If we were to plot y = 3x on a chart, it would be a straight line. Intuitively, this tells us that the change is inputs is predictable, and hence the gradient (rate of change) will be too. Of course, not every function we plot on a graph will be straight, so calculating it's sensitivity to change is a little more difficult but not impossible. There are many rules to use in calculations.
"How do derivatives relate to loss?"
These NN produce their output (prediction) from the inputs. The network, is a collection of interconnected nodes (neurons), with the input being represented as nodes at the start of the network and the output node at the end. Each node will:
- Take the inputs (either the raw data or if deeper in the network the output from a prior node)

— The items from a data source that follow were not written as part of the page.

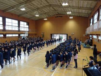 6年生が入場。緊張した面持ちでひな壇に座りました。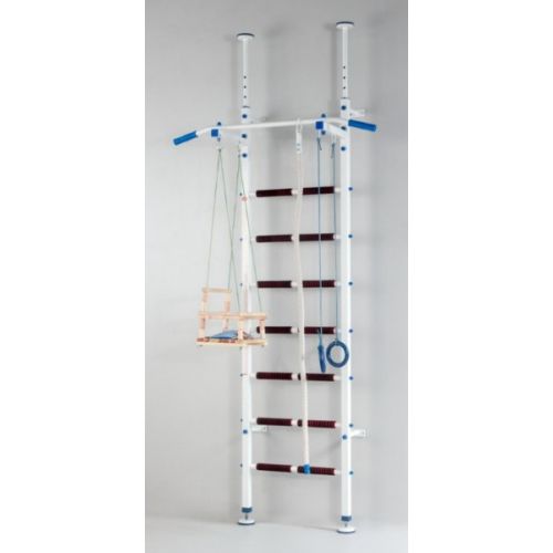 Спеціально для маленьких спортсменів в комплектацію включено навісне обладнання. У набір входить 3 предмети: канат, гімнастичні кільця і мотузкова драбина. З їх допомогою малюки будуть проводити час з користю і задоволенням, розвиваючи гнучкість і спритність.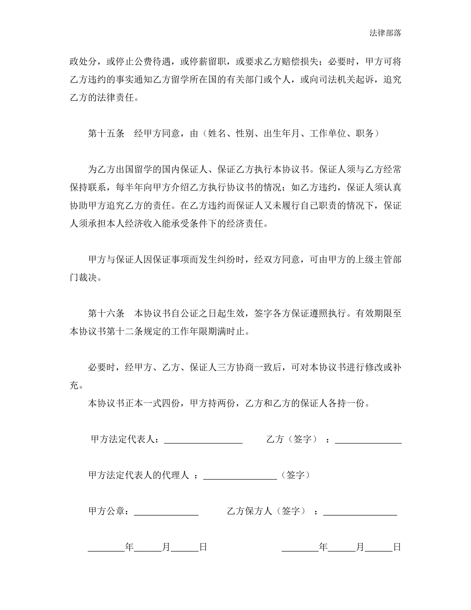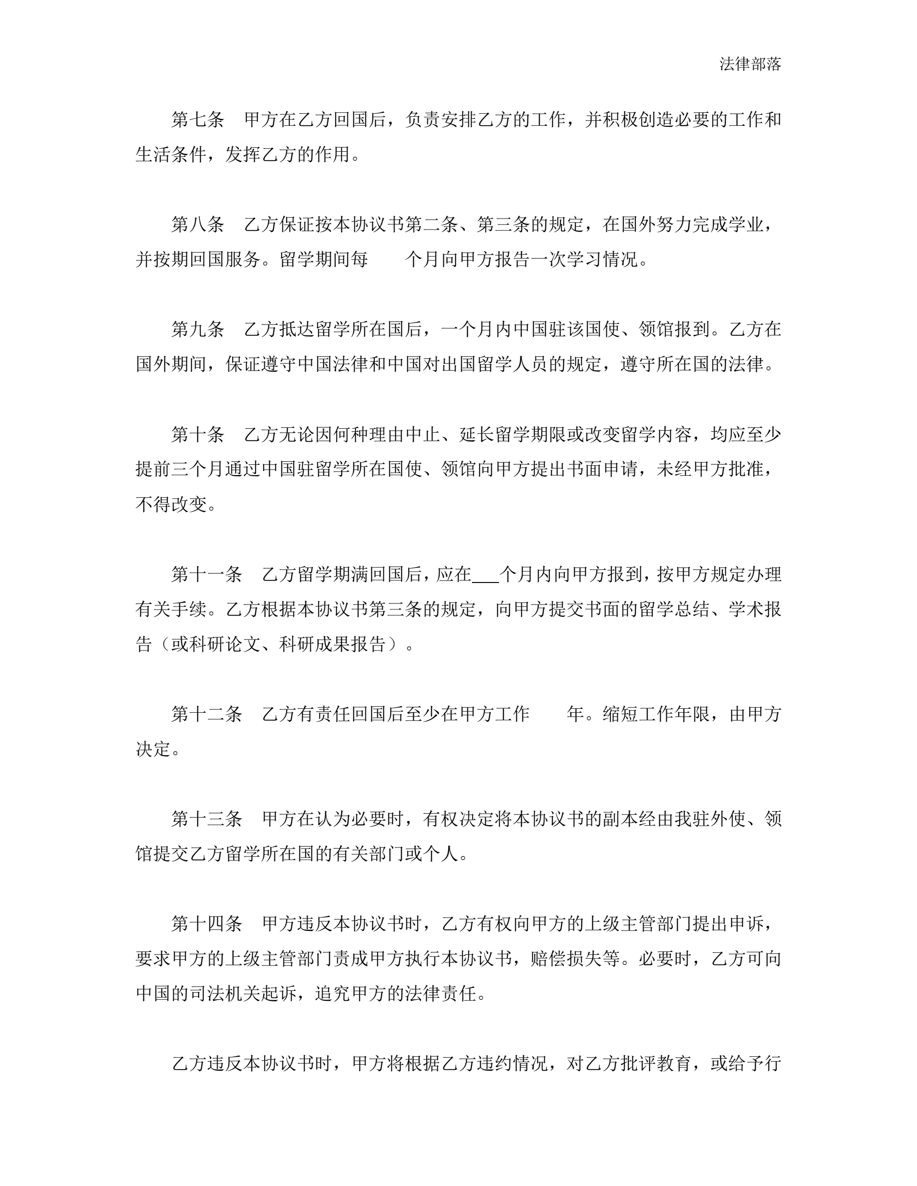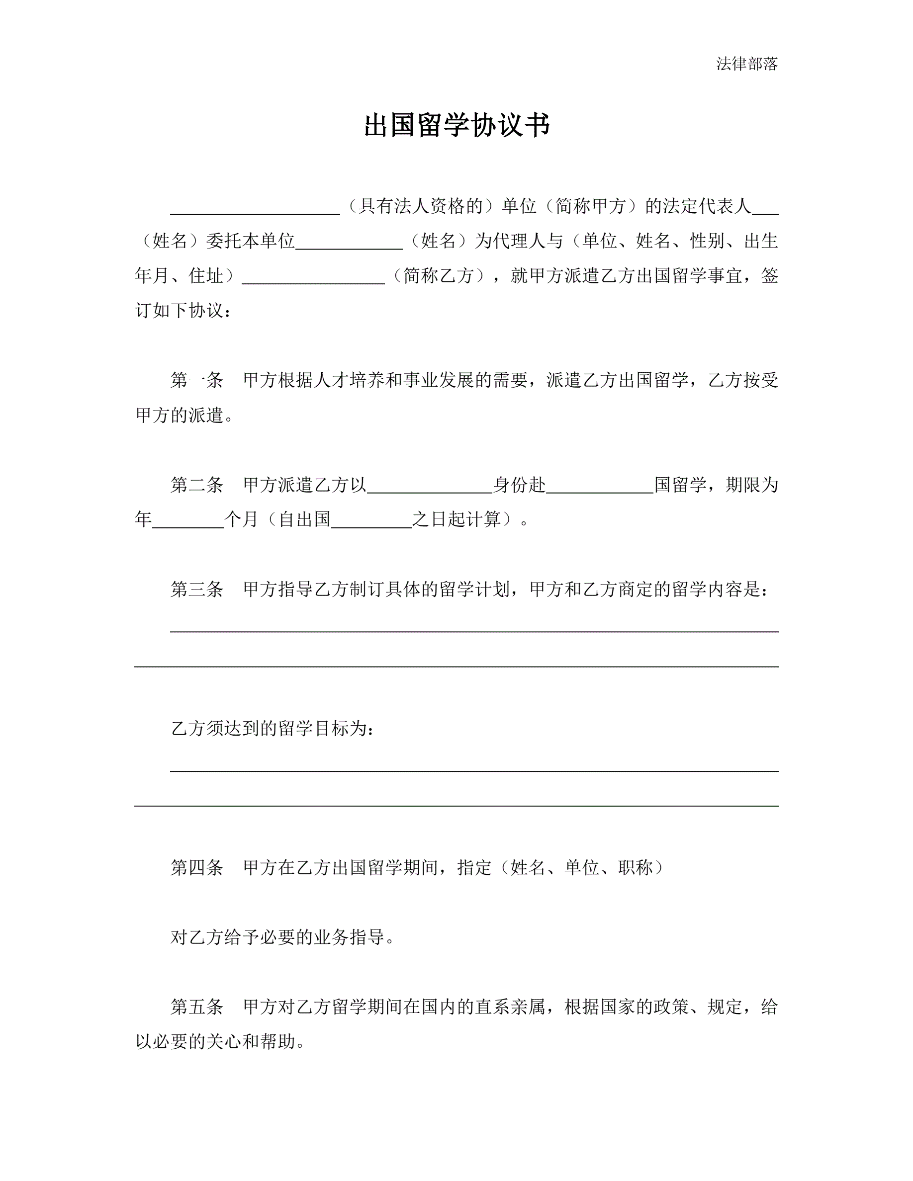 出国留学协议书

- Multiply them by it's weights
- Add a bias
- Put the result through an activation function
- Pass the result to subsequent nodes
Since we have the loss once a final output is determined, we know how far off the prediction was. As we also know what function we just ran our data through we can also calculate the derivative. However, going beyond our simple example, we know our input(s) passed through many functions before a result. These can simply be represented as nested functions:
L = f(g(h(x))) # L = loss # f = loss function # g(), h() = nodes
That's where the chain rule applies as such that we can calculate the derivative at each 'step' of the overall function. Combining all of these in the network together gets us the gradient, which exactly like the derivative, tells us in which direction the loss is happening such that we can move in the opposite direction to get closer to the actual answer.
"Why do Neural networks have multiple inputs?"
You will rarely see a NN with a single input except in the most basic cases. Because NN's are a series of interconnected nodes, even two or three layer networks with a handful of inputs, quickly explode in their number of edges (remember that a single node can take input from multiple other nodes) and subsequently the complexity of calculations.
It isn't immediately obvious without example why a NN would accept multiple inputs at a single point. A great example of this was a Multi Layer Perceptron (MLP) I created at university. The aim of this project was given a dataset on penguins, containing species, island, height, and sex, can you predict from raw data which species might the penguin be. You can probably see where this is going but by passing multiple data points on the penguins to a network you can learn better relationships in data that allow for more accurate prediction. Two species might have very similar heights but differ in weight and a NN trained on this nuance is likely to perform better.
Why are LLM's so 'good'?
This is really the big question in technology at this current time, and one in which, including myself, nobody really has a definitive answer to. If you ask any sane person if a system that can predict the next token in a sequence could write functional code, solve puzzles, and exhibit some form of reasoning, they'd said no.
From a birds-eye view it doesn't make sense, but as has manifested, successfully crafting a multi-billion parameter network and feeding it the corpus of available human text, allows it to learn patterns. And hidden within those patterns are logic. Logic that appears as intelligence because it reflects back exactly what we have learnt and applied hundreds and thousands of times.
Fundamentally, the LLM is doing exactly what any human would do, given some input, and what I know what do I need to do next. Give a human something foreign to them and they can be equally flabbergasted as an LLM. They'll also hallucinate, sometimes good and sometimes bad. This rule applies up to the current edge, give a complex multi-step task to an LLM and watch it begin to fall apart. Losing track of what was done or misremembering details. Tasks that a human would perform much better on.
Is that a computational limit? or perhaps something cognitively that a network can't represent? I don't know, but I'm excited to find out.